Feature Friday- Beaded Faberge Egg Tutorial

A unique take on Faberge Eggs, this simple process of glue and beads turns a regular chicken egg into a beaded work of art!  These Beaded Faberge eggs can be great decorations for Christmas or Easter depending upon your mood!

beaded faberge egg tutorial

I have been making Ukrainian eggs for over a year now. But my dealings with decorating eggs have far preceded the Ukrainian eggs. About five years ago, I wanted to come up with something original for the ornament club and the idea of Faberge eggs came to mind. Of course, I’m wanting to make something fabulous and as usual, I have a dollar store budget. But frankly, I’ve never let that stop me before. So with a bunch of seed beeds, ribbon and acrylic paint, I came up with these:

beaded faberge egg tutorial

They were a big hit. So now, I would like to re-create just the beaded part of the egg and leave the painting for other projects. After all, I’ve learned a whole lot about dealing with eggs in the past year and now I have tricks. Tricks, I tell you.

For this project, I used:

Chicken Eggs
Narrow Gold Ribbon
Narrow Blue Ribbon
Seed Beads
Hot Glue
Aleene’s Tacky Glue
1/2″ Gold Ribbon

Let’s start by dealing with that egg. Back when I made the original eggs, I blew them out the old fashioned way. That would be by using a thumb tack to puncture both ends of the egg, stirring up the yolk with a toothpick, and blowing out the egg, turning blue in the process and totally grossing myself out. Not that I don’t like eggs, but cooking them is preferred. Just saying.

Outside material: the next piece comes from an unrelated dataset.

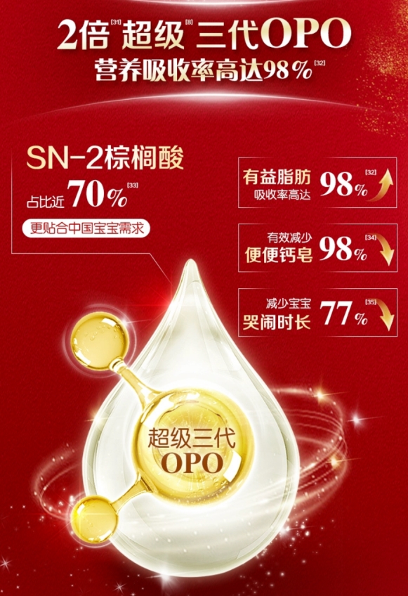 超凡吸收力:搭載2倍超級3代OPO,SN-2棕櫚酸占比近70%,有益脂肪吸收率達98%,減少98%便便鈣皂與77%寶寶哭鬧,還經(jīng)科學認證有“少哭鬧、好吸收”等7大黃金喂養(yǎng)效果,貼合中國寶寶體質(zhì)。

This method, while effective, can result in quite a few egg disasters and usually took more than one attempt and a large amount of eggs.

beaded faberge egg tutorial

Then I found this. You can buy it on line for about $8.00 and it lasts forever. I’ve probably blown at least 100 eggs with this one.

Use the little green handled drill to make a tiny hole in the bottom of the egg. Insert the needle to break up the yolk. Pump air into the egg with the hand-held bellows and needle. The air then forces the material out of that tiny hole. After completely emptied, pour water into the bellows and flush out the remainder of the egg. I purchased mine through All Things Ukrainian.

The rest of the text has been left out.